FIGURE 13.1 Each dot shows a pair of returns for a stock on two successive days between September 1997 and September 2017. The circled dot for Microsoft records a daily return of +2.9% and then −2.9% on the next day. The scatter diagram shows no significant relationship between returns on successive days.
Figure 13.1 suggests that successive price changes of all four stocks were effectively uncorrelated. Today’s price change gave investors almost no clue as to the likely change tomorrow. Does that surprise you? If so, imagine that it were not the case and that changes in Microsoft’s stock price were expected to persist for several months. Figure 13.2 provides an example of such a predictable cycle. You can see that an upswing in Microsoft’s stock price started last month, when the price was $40, and it is expected to carry the price to $80 next month. What will happen when investors perceive this bonanza? It will self-destruct. Since Microsoft stock is a bargain at $60, investors will rush to buy. They will stop buying only when the stock offers a normal risk-adjusted rate of return. Therefore, as soon as a cycle becomes apparent to investors, they immediately eliminate it by their trading.
FIGURE 13.2 Cycles self-destruct as soon as they are recognized by investors. The stock price instantaneously jumps to the present value of the expected future price.
You should see now why prices in competitive markets must follow a random walk. If past price changes could be used to predict future price changes, investors could make easy profits. But in competitive markets, there are no such free lunches. As investors try to take advantage of any information in past prices, prices adjust immediately until the superior profits from studying price movements disappear. As a result, all the information in past prices will be reflected in today’s stock price, not tomorrow’s. Patterns in prices will no longer exist, and price changes in one period will be independent of changes in the next. In other words, the share price will follow a random walk.

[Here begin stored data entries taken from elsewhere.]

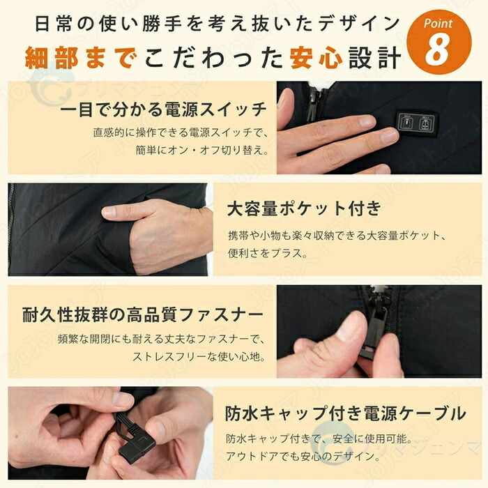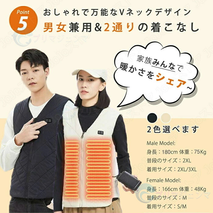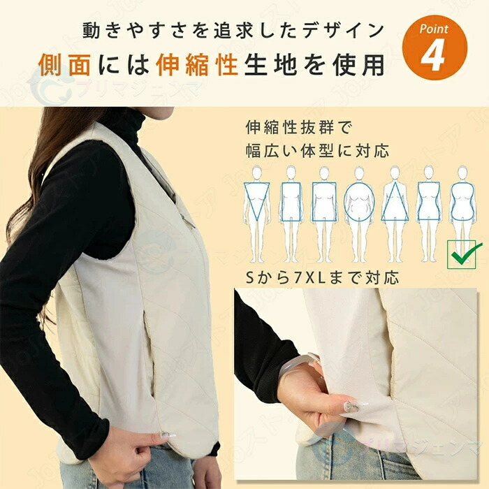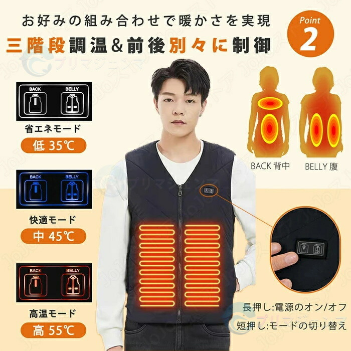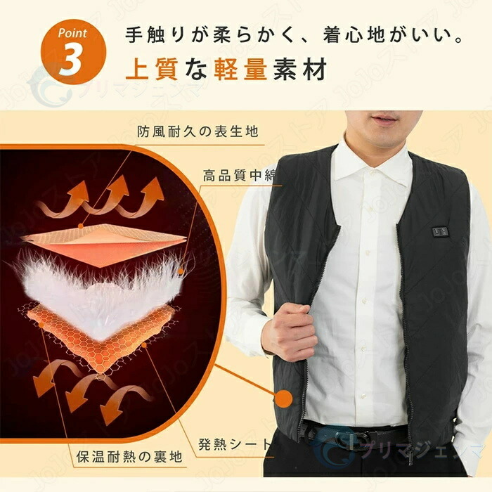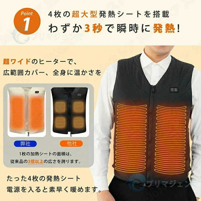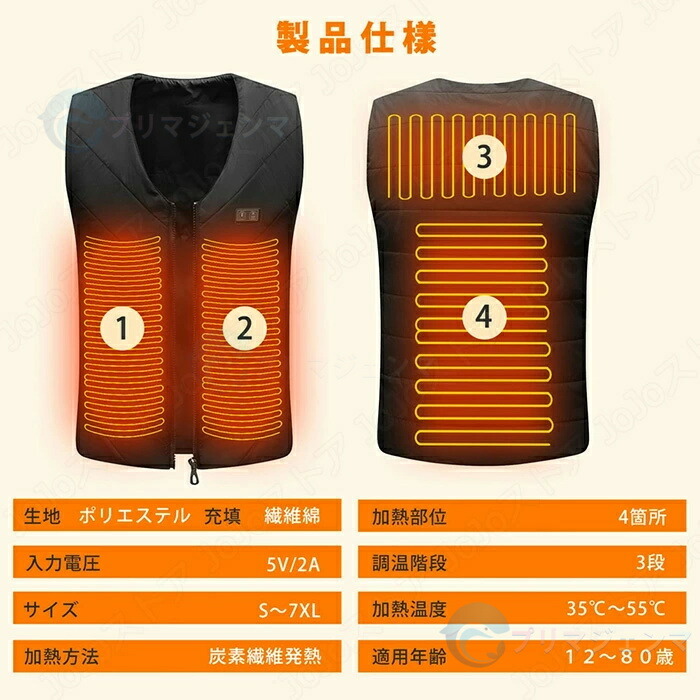 電熱ベスト 日本製 繊維ヒーター 4エ トップス ベスト ジレ 豊富 ホワイト ブラック 服のみ 服+20000mah*1 服+20000mah*2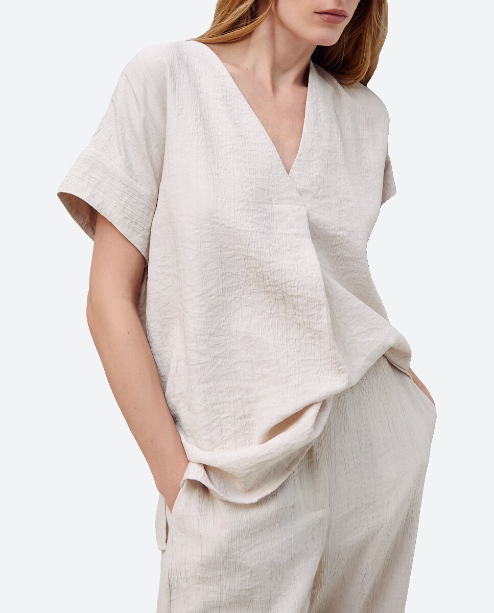 Blusa de manga corta con pliegue delantero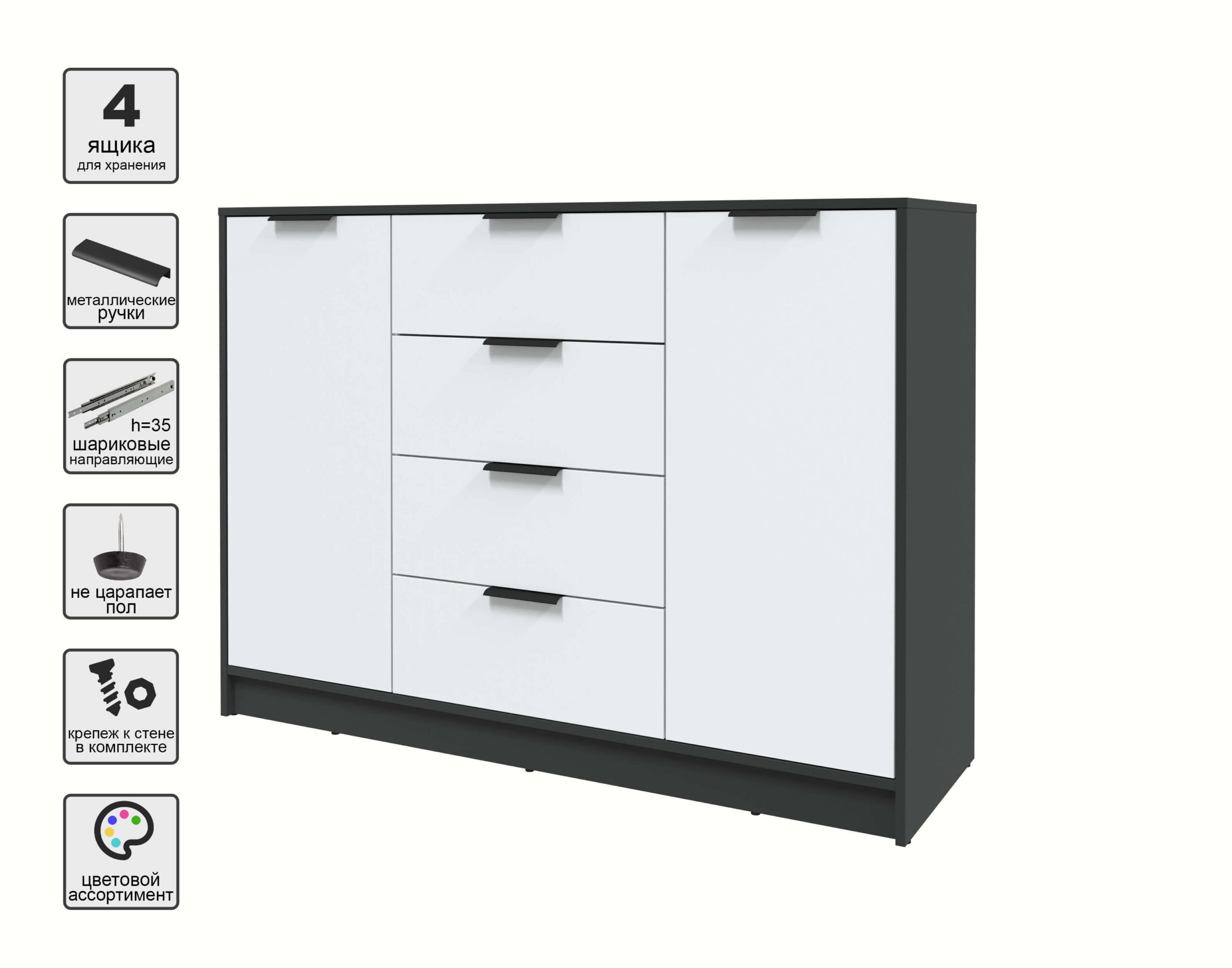 ТУМБА КТ-Т140 (АНТРАЦИТ ЛДСП/ БЕЛЫЙ ПЛАТИНУМ ЛДСП) Ш1400 В1020 Г451 - Yuta.by

Random Walks: The Evidence
Since Maurice Kendall’s early discovery, statisticians have undertaken a myriad of tests of the weak form of the efficient market hypothesis. These have confirmed that stock prices throughout the world follow something close to a random walk. We say “close to a random walk” because every economic theory has its exceptions and there appear to be some patterns in stock returns.

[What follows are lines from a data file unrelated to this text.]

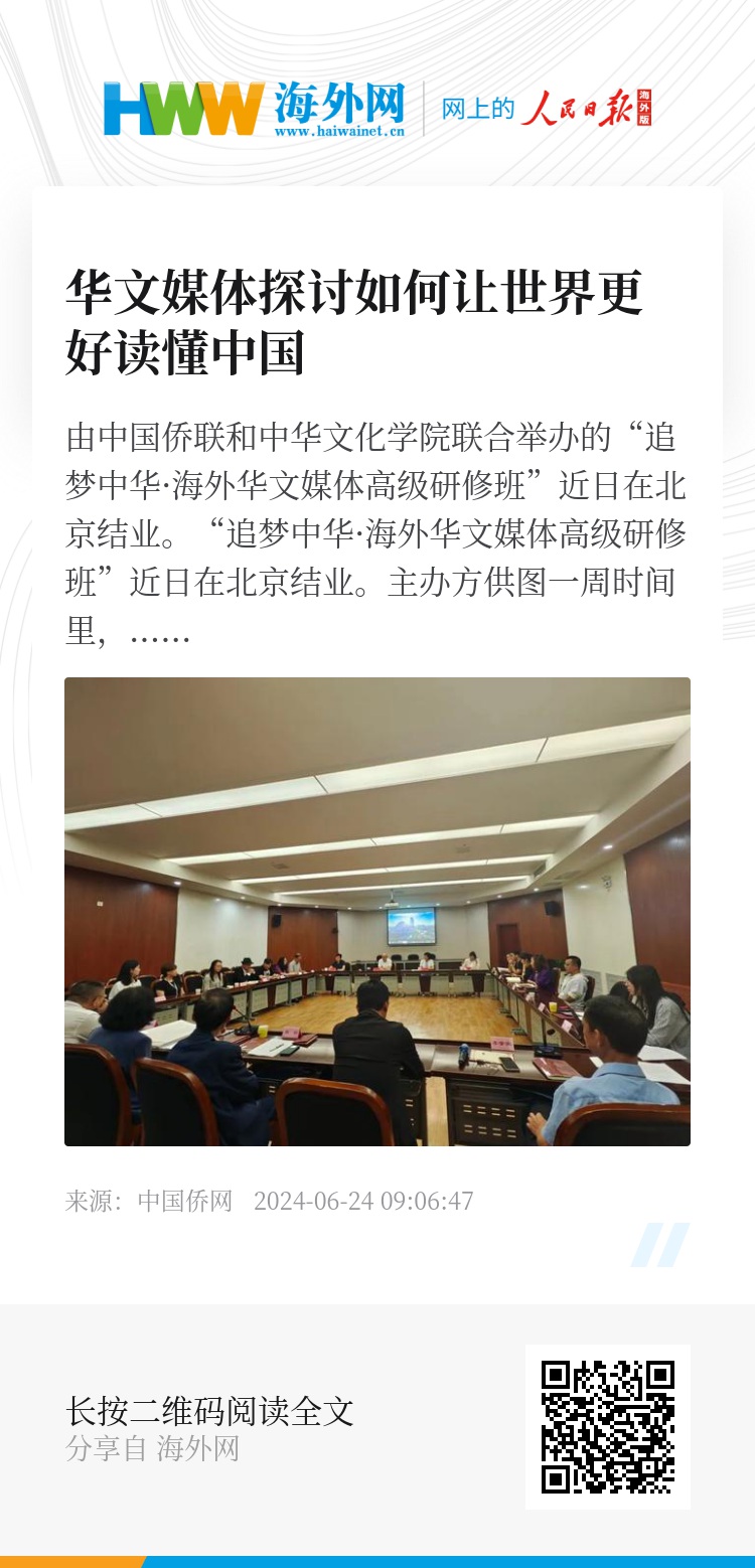 由中国侨联和中华文化学院联合举办的“追梦中华·海外华文媒体高级研修班”近日在北京结业。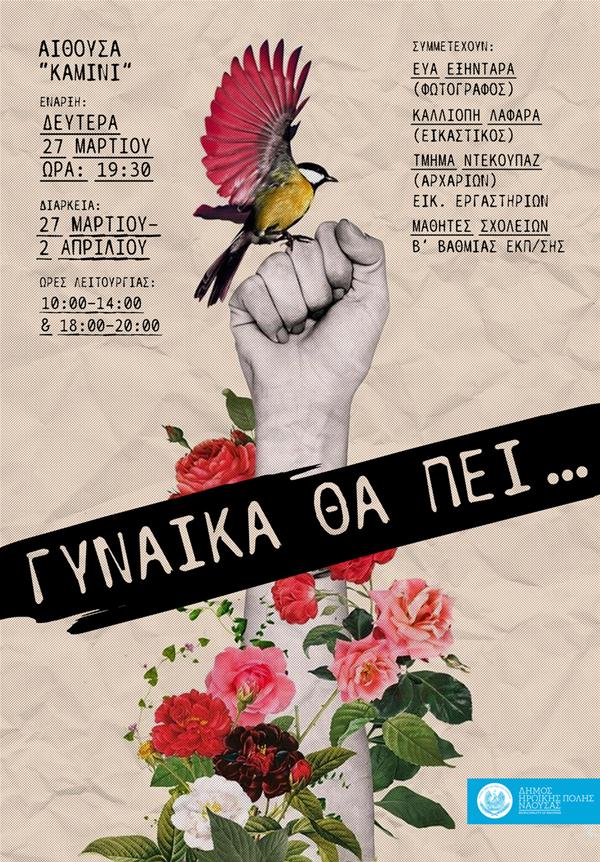 Μέχρι την Κυριακή 2 Απριλίου θα διαρκέσει η εικαστική έκθεση "Γυναίκα θα πει..." στην αίθουσα "Καμίνι, που διοργανώνει ο Δήμος Νάουσας στο πλαίσιο των δράσεών του για τον Μάρτιο, μήνα αφιερωμένο στη γυναίκα.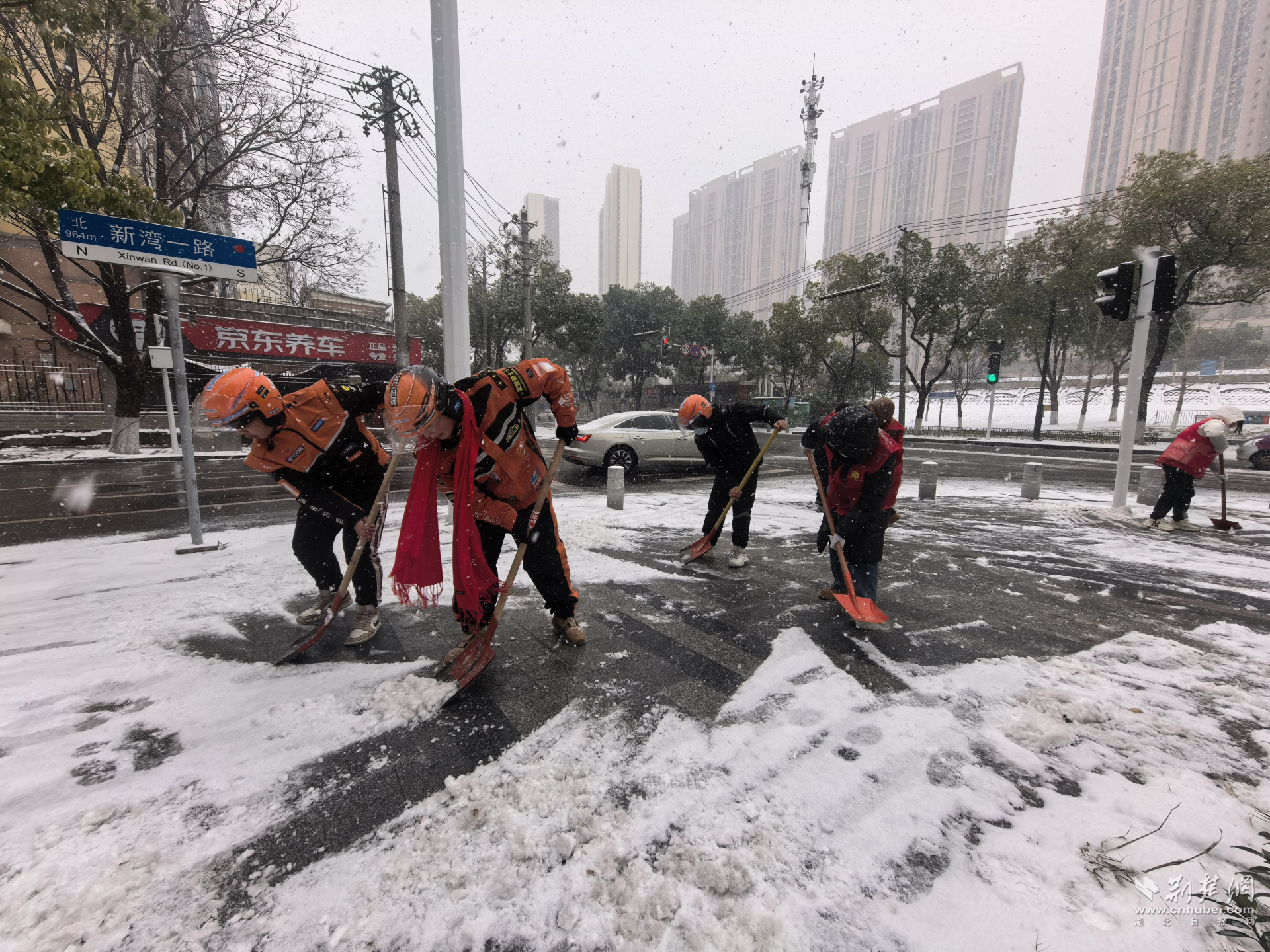 在花樓水塔街道,“蜂火輪”、“順豐掃雪隊”等志愿力量迅速集結(jié),30余名騎手、快遞員主動走上主次干道和小區(qū)道路,清理積雪、鏟除暗冰。在他們最熟悉的配送路線中,一條條安全通道被打通。

For example, there is statistical evidence for momentum: Stocks that have delivered superior returns over the last few weeks or months tend to deliver superior returns in the future. There is also momentum on the downside: Poorly performing stocks tend to continue to disappoint.5
Momentum does not generate easy money for investors. It is a statistical tendency, not a sure thing. Also, pursuit of momentum profits sacrifices diversification and increases risk. Nevertheless, some investment funds specialize in momentum strategies, and a few have done well.
There are also some profit opportunities as prices bounce around in the very short run. But to have any chance of making money from such bounces, you need to be a high-frequency trader with one eye on the computer screen and the other on your annual bonus. You will need super-fast computers with algorithms that trade in high volumes with the aim of capturing a few cents per trade.6
Semistrong Market Efficiency: The Evidence
To test for semistrong efficiency, researchers have examined how stock prices respond to public releases of information—for example, news about earnings or dividends, announcements of mergers or takeovers, or macroeconomic developments. Semistrong efficiency means that stock prices respond to relevant news quickly and completely.

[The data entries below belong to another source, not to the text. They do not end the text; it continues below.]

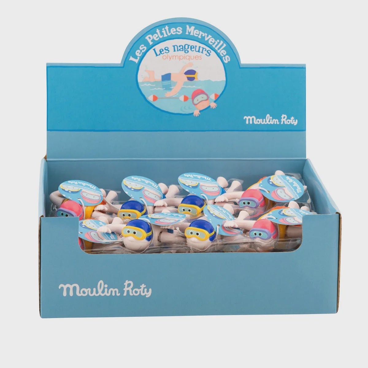 A selection of 16 plastic wind-up swimmers with swimsuits, goggles and bathing caps. Wind them up, place them in a washbasin, bath or a bowl of water and away they go! Magically transformed into Olympic swimmers! WARNING SMALL PARTS: Safety rated for ages 3+.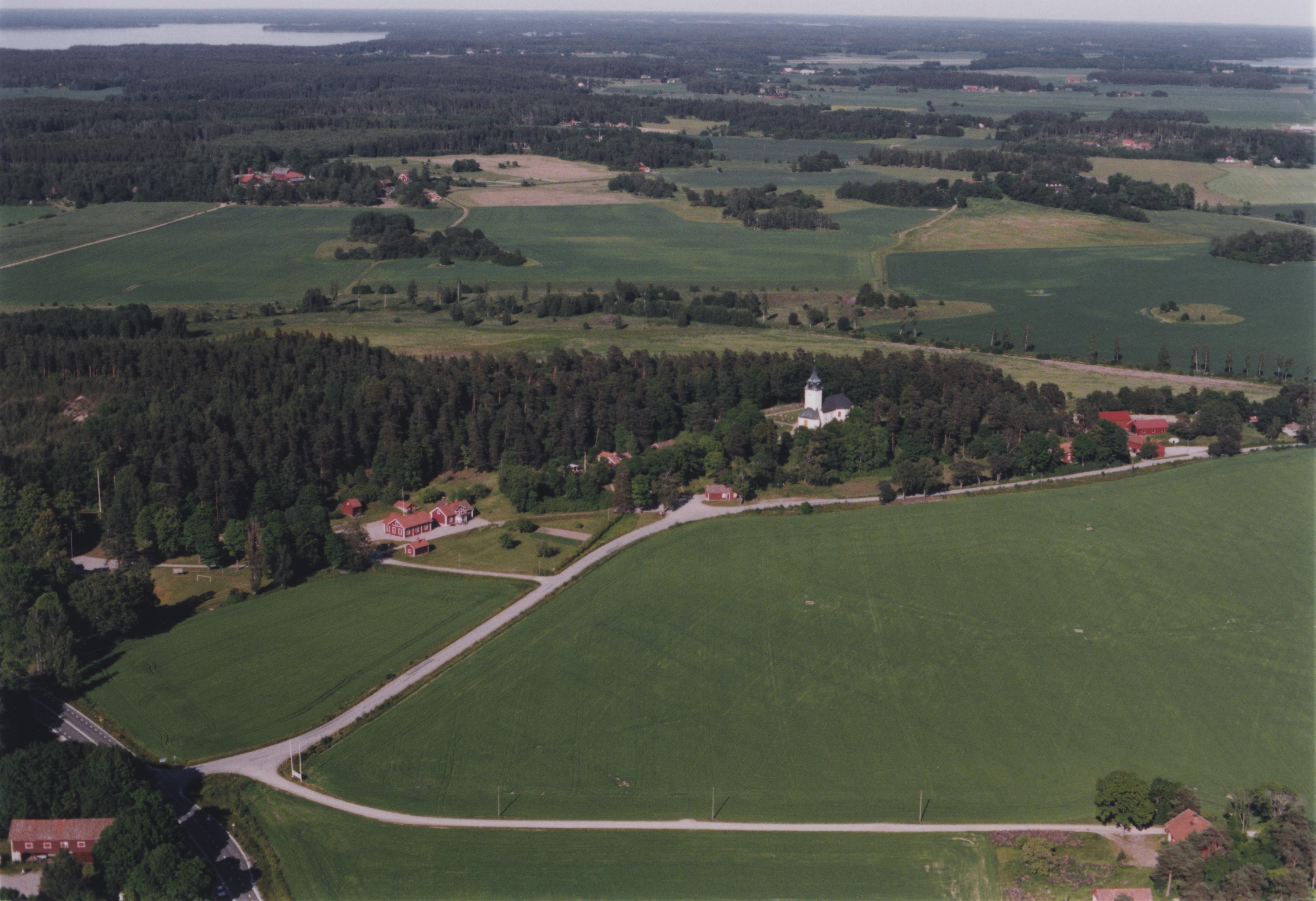 Beskrivning: Sundby kyrka vid Sundbyåsen och Ramsundsån. Ån markerar gränsen mot socknet Jäder (i bildens övre del). Bilden är tagen mot (väderstreck): N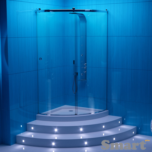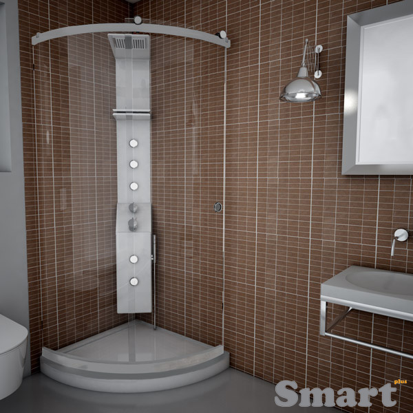 Τα κρύσταλλα που χρησιμοποιούνται είναι securit 8mm. Τα ειδικά διαμορφωμένα στοπ, επιτρέπουν στο συρόμενο φύλλο να σταματάει ακριβώς στο επιθυμητό σημείο κατά το άνοιγμα και το κλείσιμο του. Η καμπίνα μπάνιου Smart Plus είναι κατασκευασμένη από ανοξείδωτο χάλυβα για μεγαλύτερη αντοχή στον χρόνο, τα άλατα και την υγρασία. Η κουρμπαριστή καμπίνα μπάνιου είναι σχεδιασμένη να λειτουργεί βέλτιστα με κρύσταλλα ασφαλείας πάχους 8mm. Τα ράουλα είναι βαρέου τύπου εξυπηρετώντας την ομαλή και αθόρυβη κίνηση της πόρτας του συστήματος. Η καμπίνα μπάνιου Smart Plus κατασκευάζεται σε ειδικές διαστάσεις κατόπιν παραγγελίας.

There’s no doubt that stock prices respond quickly to breaking news. Take Volkswagen’s (VW’s) diesel emissions scandal as an example. On Friday, September 18, 2015, the U.S. Environmental Protection Agency (EPA) announced that VW had installed “defeat devices” in several models of diesel cars that reduced emissions only when emissions tests were under way. VW’s stock price dropped immediately from about $160 to about $130 per share. There was another drop to about $110 per share on Monday, when VW admitted that it had sold 11 million cars worldwide with the defeat device. VW lost nearly one third of its stock-market value in two days’ trading.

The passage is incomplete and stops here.